Wednesday, February 6, 2008

Washing Our Hands of The Whole Deal

So the Significant Other and I have been appliance shopping. Yes. One of the top ten experiences that can wreck a relationship. Last week, our Maytag washer of fifteen years seized, gasped, rattled and then oozed water all over the floor. Ruptured a blood vessel and bled to death, was the S.O.’s diagnosis. The rapidly expanding and festering mountain of dirty clothes enforced an atmosphere of cooperation and we got down to business right away.

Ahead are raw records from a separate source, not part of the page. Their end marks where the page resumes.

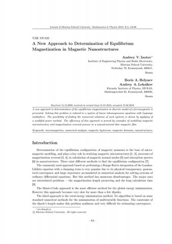 Библиографическое описание:Izotov, A. V. A New Approach to Determination of Equilibrium Magnetization in Magnetic Nanostructures = Новый подход к определению равновесного состояния намагниченности в магнитных наноструктурах / A. V. Izotov, B. A. Belyaev, A. A. Leksikov. - Текст : непосредственный // Журнал Сибирского федерального университета. Математика и физика. - 2010. - Т. 3, № 1. - С. 64-69. - Библиогр.: с. 68 (9 назв.). - ISSN 1997-1397.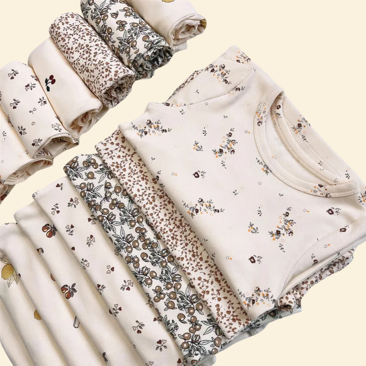 Both looks are united by charming all-over prints whimsical florals or curious patterns that bring a touch of personality to bedtime. Designed with comfort in mind, each set boasts elastic waistbands for flexible fit, and intuitive closures that make nighttime routines seamless.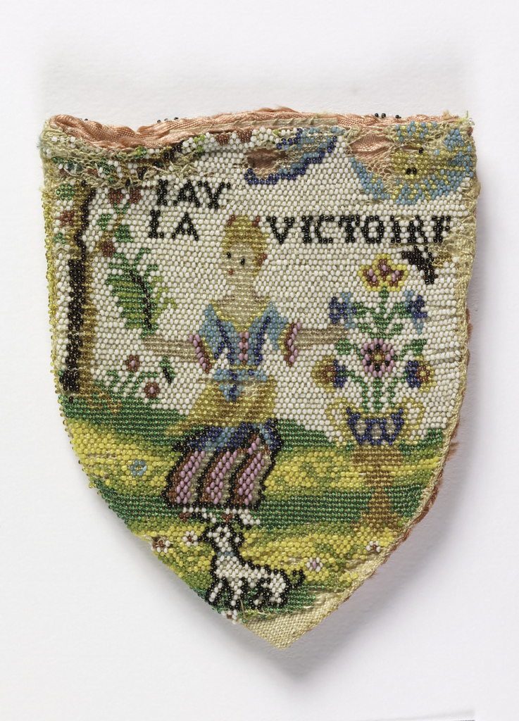This is a Purse. It is dated 18th century and we acquired it in 1957. Its medium is silk, glass beads and its technique is looping incorporating strung beads. two panels worked separately. It is a part of the Textiles department.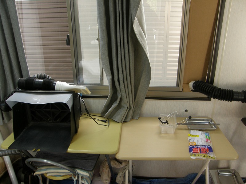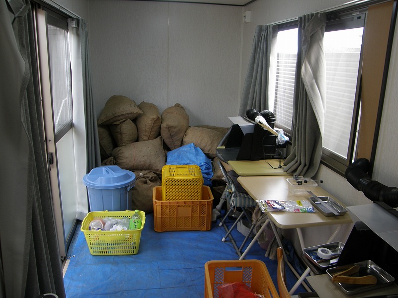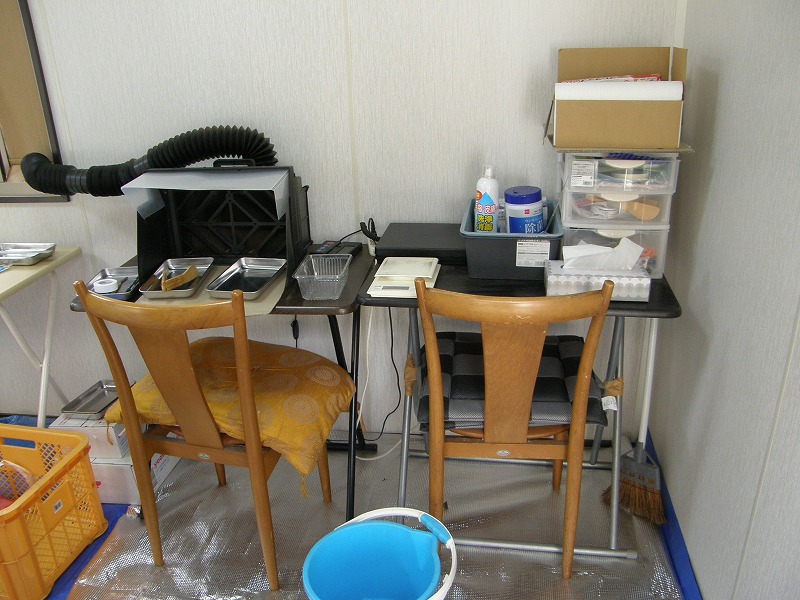 右机は用具置き場、左机は調査用です。莢は水洗いし乾燥させたものをむ剥き実しますが、それでも砂ぼこりがたちますので、排出ブースを使っています。

Being eco-conscious consumers, we agreed immediately on a front loader. Plus they are soooo cool! After we got over the sticker shock (eased a teensy-tiny bit by rebates from the water and power companies), we continued our consumer research: cu ft, rpm’s, stainless steel baskets, the whole nine yards. But we really weren’t prepared for the showroom with candy-apple red and chrome stacking sets, all stainless-steel machines and German machines with steam cleaning. Not to mention the myriad of buttons and dials, the plethora of cycles with goddess-knows how many spin & temp modifications: it soon overwhelmed my tiny little brain. I stood in front of a row of round windows, transfixed to know that a machine can hand-wash.

And the stoves and refrigerators, whoa, Nellie! Some of the fridges were wired to the ‘net for reasons not exactly clear to me. I shied away from them, wondering if they would start downloading porn in the middle of the night from sheer boredom, and then shuddered to think what refrigerator porn might look like. Ooh, baby, you’re so… frigid!

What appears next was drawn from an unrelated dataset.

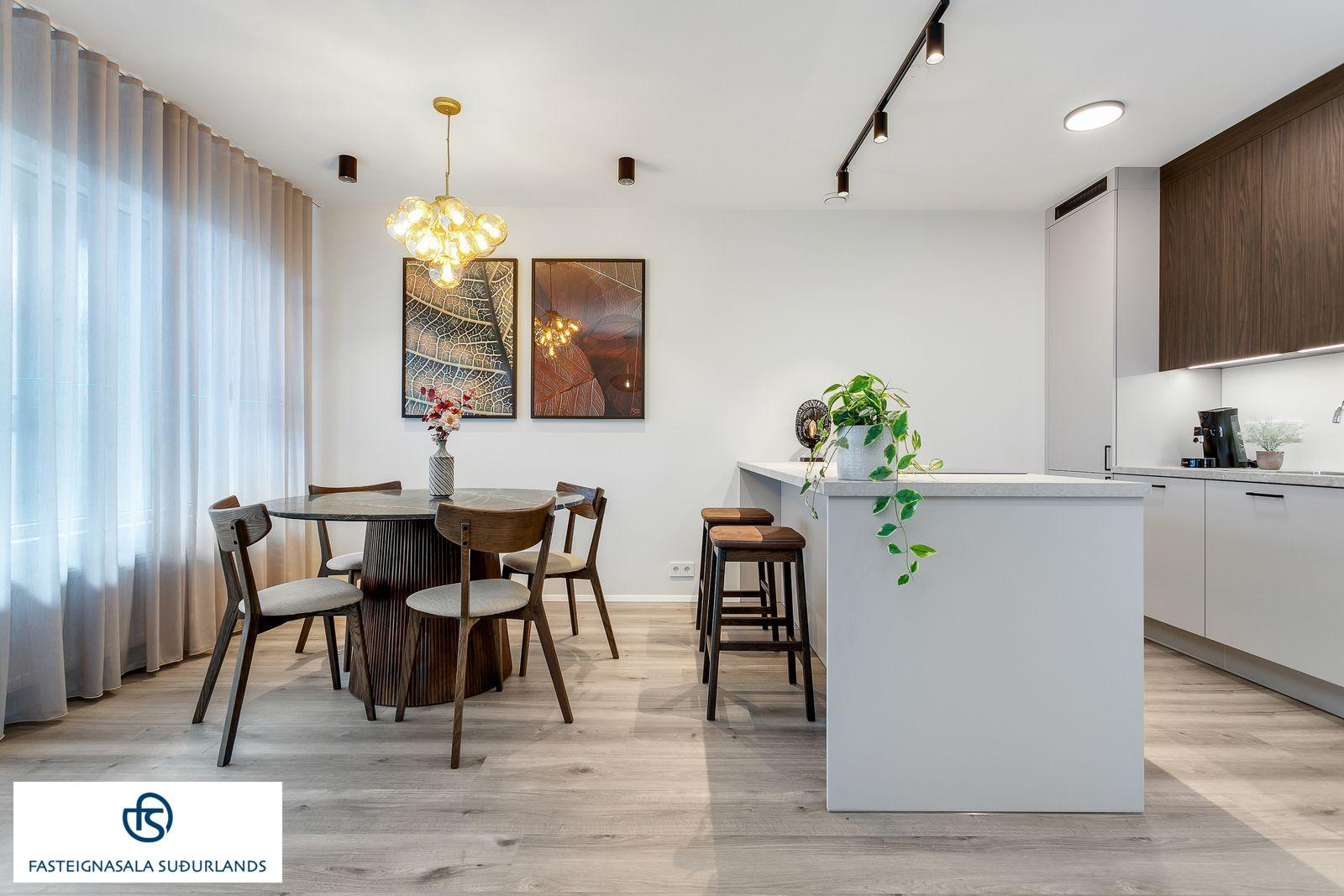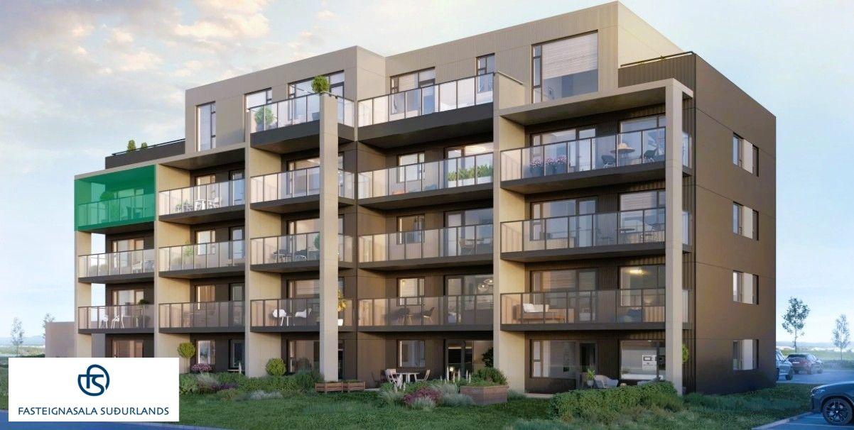 Fasteignasala Suðurlands (s 483 3424) kynnir: Hnjúkamói 16, íbúð 0405. Ný, falleg og björt 94,6m2 endaíbúð á 4.hæð með glæsilegu útsýni. Íbúðin er með 3 stórum svefnherbergjum og björtu alrými með stórum gluggum. Úr alrýminu er utangengt á 13,1m2 timburklæddar svalir sem sem snúa í hásuður.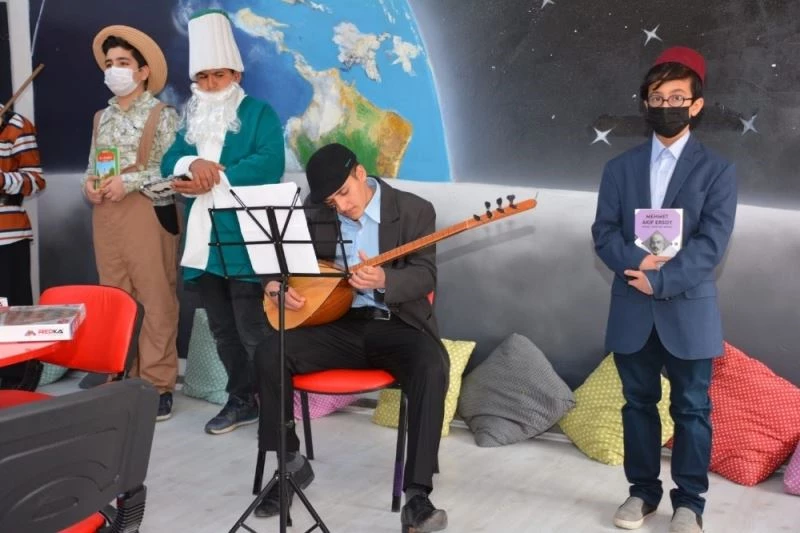 Kırıkkale’nin Bahşılı ilçesinde kurulan bir kütüphanenin açılışında öğrenciler tarihi karakterlere bürünerek canlandırdı.

Then you have the hybrid refrigerator-stoves-these hold the food refrigerated until such a time as you call it up and tell it to get cooking. Yep, voice control on a stove. That gave me serious pause. For one thing, I talk a whole hell of a lot in front of a stove, muttering imprecations and working recipe-math problems out loud. After years as a breakfast and line cook, making a meal always involves fast heat, plenty of fire and rounds of chef-style cursing — my family knows dinner is ready when the smoke alarm goes off.

But in the confusion of several dishes being timed to all come out together, I see the potential for some crossed signals and clipped expletives. “Burner three, go to medium, I mean high, no, no, wait, med high, hey, hey, burner two, off ! Off! OFFF! god f’ing damn it, now you’re burning the frickin’ green beans. Down you @%#& flames, down!” The smoke alarms goes off well before the broiled chicken is done because the cooktop is in flames, and the oven, in a snarl of confusion, has shut down. This is when the name-calling and shin-kicking comes in, and Mom (that would be me) would have to be restrained and escorted to her room to recover her good graces with a stiff drink and a fat novel.

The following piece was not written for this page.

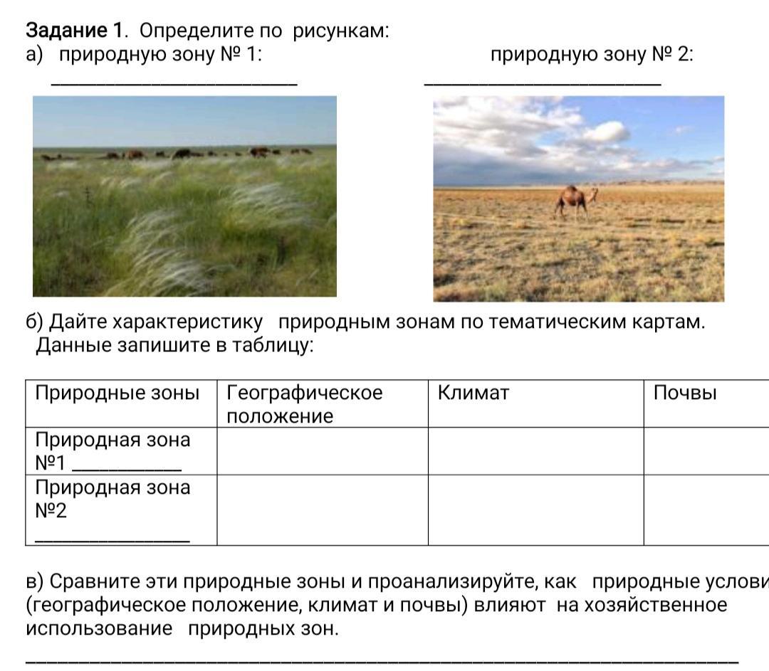 б)Природная зона 1 : Географическое положение :находятся в России на юге страны, в частности, у Чёрного моря и Кавказа, а также в долине Оби и в Забайкалье.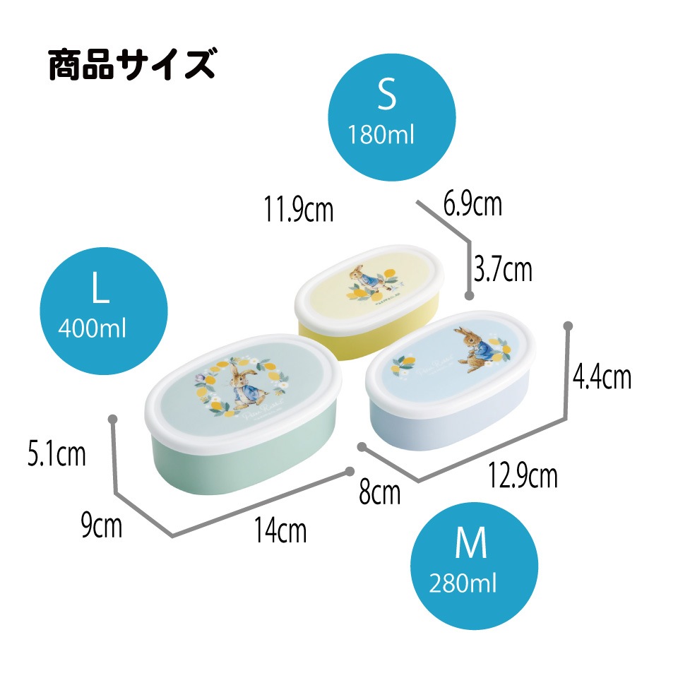 プラスチック 保存容器 入れ子式 3サイズ 400ml・280ml・180ml 抗菌加工 電子レンジ対応 日本製 ピーターラビット うさぎ 女子 女性 レディース

But I fear this would not be the end of it. The stove, having sulked through the quickly ordered take-out and then left alone in the dark kitchen, would simmer in its own stew of righteousness and indignation. It might very well, in the manner of a spouse unjustly accused of overloading a washer (again! how could you…), heat up in retaliation. I could see the burners raging red in anger, smoke pouring out of the broiler, the whole appliance bulging with hot gases. By three in the morning, the curtains would be on fire, and the smoke alarm screaming--but no dinner in sight. No, voice-command stoves would not be for me.

By the way, the front load washer works just fine. A Maytag, of course, with a minimum of bells and whistles. And for a machine, it does a fabulous hand-wash. Go figure.